▸ **Brief**
Give every entry below again, exactly as written, and skip the images.

▸ **Material provided**
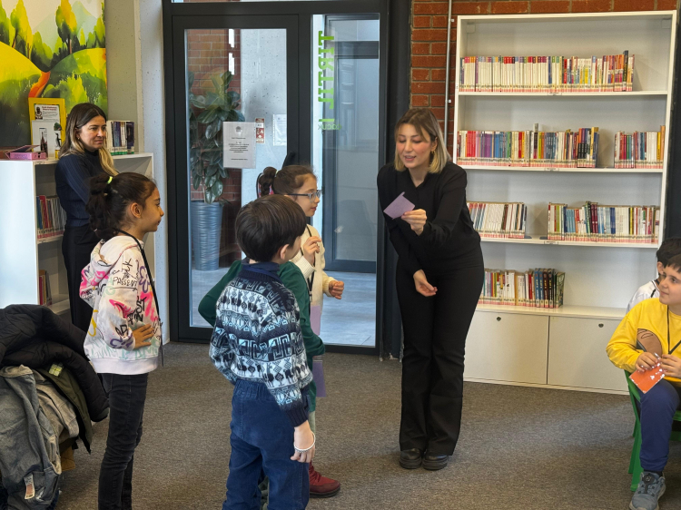 Çocukların etkinliklerinde başka bir durak da Koza Kütüphane oldu. “Kütüphane Dedektifleri Kelimelerin Peşinde” atölyesinde 8-13 yaş arası çocuklar, gruplar halinde rafların arasına gizlenen ipuçlarını takip etti. Dedektif gibi iz süren çocuklar kitaplara ulaşmaya çalıştılar.
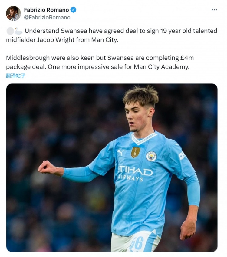 2月1日訊 據知名記者羅馬諾透露,斯旺西引進曼城19歲中場雅各布-賴特都達成協議。羅馬諾指出,斯旺西和米德爾斯堡都對雅各布-賴特感興趣,最終斯旺西在競爭中勝出,已與曼城就這位小將的轉會達成協議,轉會費400萬英鎊。雅各布-賴特效力于曼城U21梯隊,本賽季為曼城一線隊出場2次,在青年隊出場15次6球6助。 本文標簽: 足球 英超 曼城 轉會
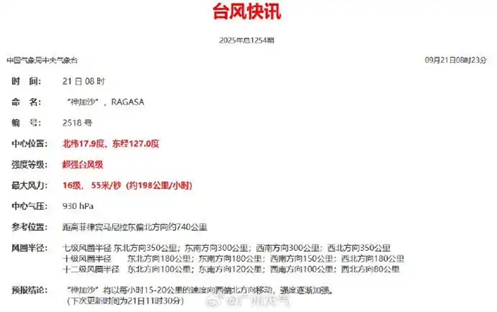 “桦加沙”强度为16级(55米/秒),成为今年以来西北太平洋最强台风。预计,“桦加沙”将以每小时15公里的速度继续向西北方向移动,强度还将继续增强。22日“桦加沙”将穿过巴士海峡,23日凌晨进入南海东北部海面,以后趋向广东沿海。
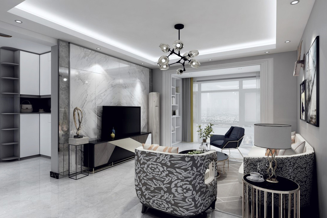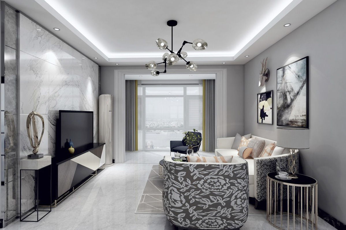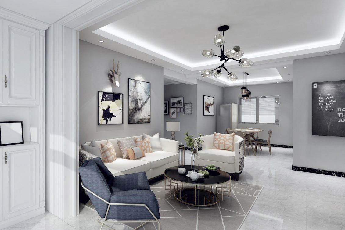 瀏覽量:318房屋整體主色調:黑白灰,踏入房門首先看到的是灰色墻面和黑色的矮柜形成鮮明的對比。給人的第一感覺有浪漫、時尚,卻不失美式中特有的奢華。墻面以灰色為主,地板以深灰色為主色。整體空間的動線非常流暢,給人很舒服的感覺。客廳整體設計偏美式,硬裝選色大氣,配以布藝沙發的軟裝,硬裝配以現代風格的電視背景墻,整體給人的感覺穩重而簡潔。美式的顏色不可過于濃重,在混搭風格中,只可點綴,它的作用是調節空間整體的氣氛。
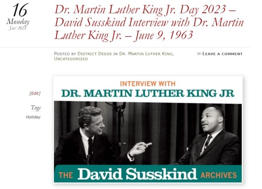 Dr. Martin Luther King Jr. Day 2023 – David Susskind Interview with Dr. Martin Luther King Jr. – June 9, 1963
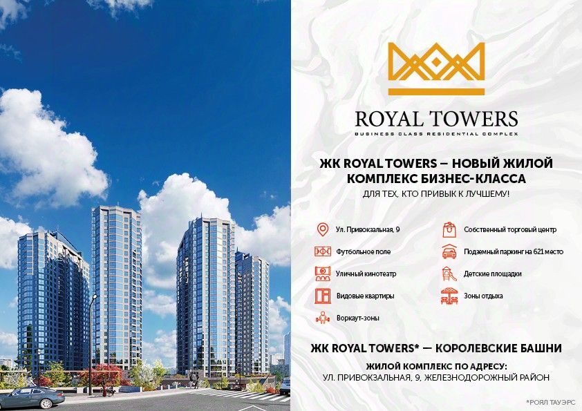 ЖК Royal Towers - жилой комплекс бизнес-класса по адресу ул. Привокзальная, 3А. Это 4 дома с богатой внутренней инфраструктурой, современной архитектурой и множеством других особенностей: - Монолитно-каркасная технология строительства. - Облицовка кирпич в соответствии с ГОСТом - Срок ввода в эксплуатацию II квартал 2026 года. - 4 литера по 26 этажей. - В центре города. - Подземный паркинг. - Лаунж-двор. - Уютные и безопасные детские площадки. - Зоны для воркаута на свежем воздухе. - Торговый центр на территории ЖК.
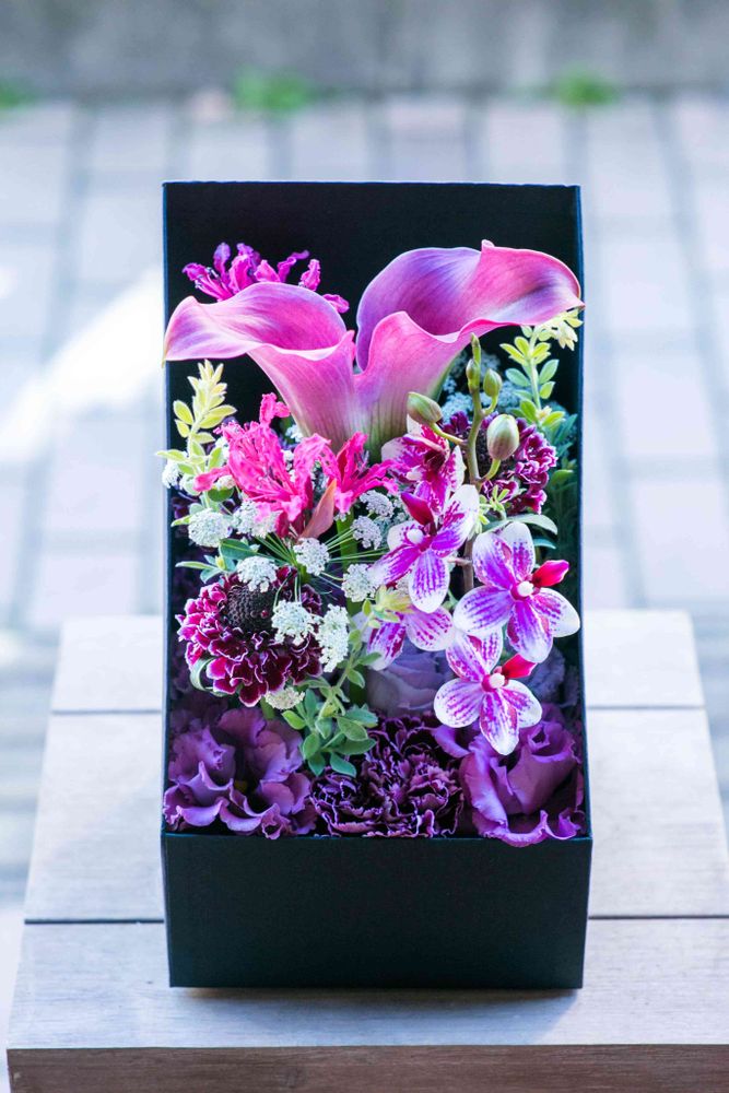 加藤洋ラン園さんのミディファレノと使ったサプライズBOXフラワー~トール型~
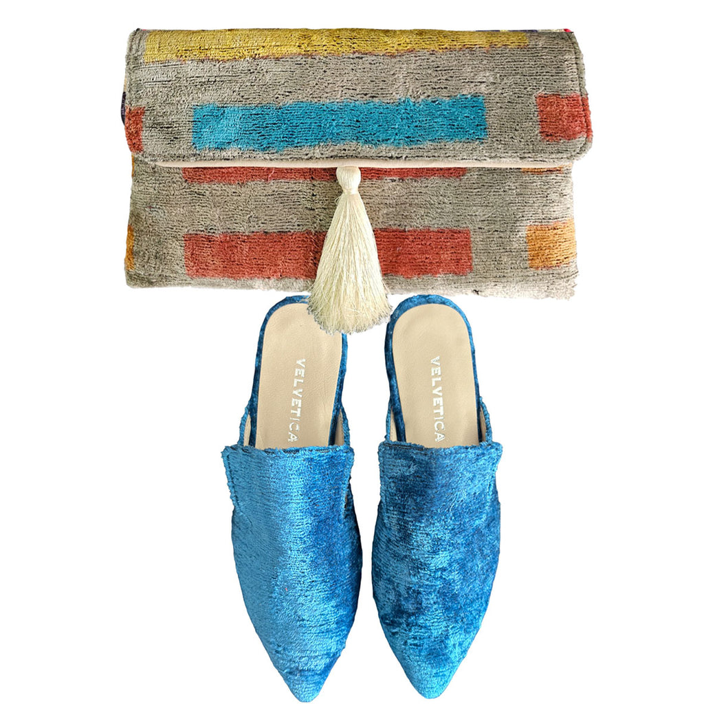 Are you searching for a set that effortlessly blends tradition with modern style while offering the perfect balance of elegance and comfort? Look no further than the Velvetica Clutch Bag and Slippers Set. This exquisite duo combines luxurious silk velvet and stunning Ikat patterns, ensuring you stay stylish on any occasion.

▸ **Expected output**
 Çocukların etkinliklerinde başka bir durak da Koza Kütüphane oldu. “Kütüphane Dedektifleri Kelimelerin Peşinde” atölyesinde 8-13 yaş arası çocuklar, gruplar halinde rafların arasına gizlenen ipuçlarını takip etti. Dedektif gibi iz süren çocuklar kitaplara ulaşmaya çalıştılar.
 2月1日訊 據知名記者羅馬諾透露,斯旺西引進曼城19歲中場雅各布-賴特都達成協議。羅馬諾指出,斯旺西和米德爾斯堡都對雅各布-賴特感興趣,最終斯旺西在競爭中勝出,已與曼城就這位小將的轉會達成協議,轉會費400萬英鎊。雅各布-賴特效力于曼城U21梯隊,本賽季為曼城一線隊出場2次,在青年隊出場15次6球6助。 本文標簽: 足球 英超 曼城 轉會
 “桦加沙”强度为16级(55米/秒),成为今年以来西北太平洋最强台风。预计,“桦加沙”将以每小时15公里的速度继续向西北方向移动,强度还将继续增强。22日“桦加沙”将穿过巴士海峡,23日凌晨进入南海东北部海面,以后趋向广东沿海。
 瀏覽量:318房屋整體主色調:黑白灰,踏入房門首先看到的是灰色墻面和黑色的矮柜形成鮮明的對比。給人的第一感覺有浪漫、時尚,卻不失美式中特有的奢華。墻面以灰色為主,地板以深灰色為主色。整體空間的動線非常流暢,給人很舒服的感覺。客廳整體設計偏美式,硬裝選色大氣,配以布藝沙發的軟裝,硬裝配以現代風格的電視背景墻,整體給人的感覺穩重而簡潔。美式的顏色不可過于濃重,在混搭風格中,只可點綴,它的作用是調節空間整體的氣氛。
 Dr. Martin Luther King Jr. Day 2023 – David Susskind Interview with Dr. Martin Luther King Jr. – June 9, 1963
 ЖК Royal Towers - жилой комплекс бизнес-класса по адресу ул. Привокзальная, 3А. Это 4 дома с богатой внутренней инфраструктурой, современной архитектурой и множеством других особенностей: - Монолитно-каркасная технология строительства. - Облицовка кирпич в соответствии с ГОСТом - Срок ввода в эксплуатацию II квартал 2026 года. - 4 литера по 26 этажей. - В центре города. - Подземный паркинг. - Лаунж-двор. - Уютные и безопасные детские площадки. - Зоны для воркаута на свежем воздухе. - Торговый центр на территории ЖК.
 加藤洋ラン園さんのミディファレノと使ったサプライズBOXフラワー~トール型~
 Are you searching for a set that effortlessly blends tradition with modern style while offering the perfect balance of elegance and comfort? Look no further than the Velvetica Clutch Bag and Slippers Set. This exquisite duo combines luxurious silk velvet and stunning Ikat patterns, ensuring you stay stylish on any occasion.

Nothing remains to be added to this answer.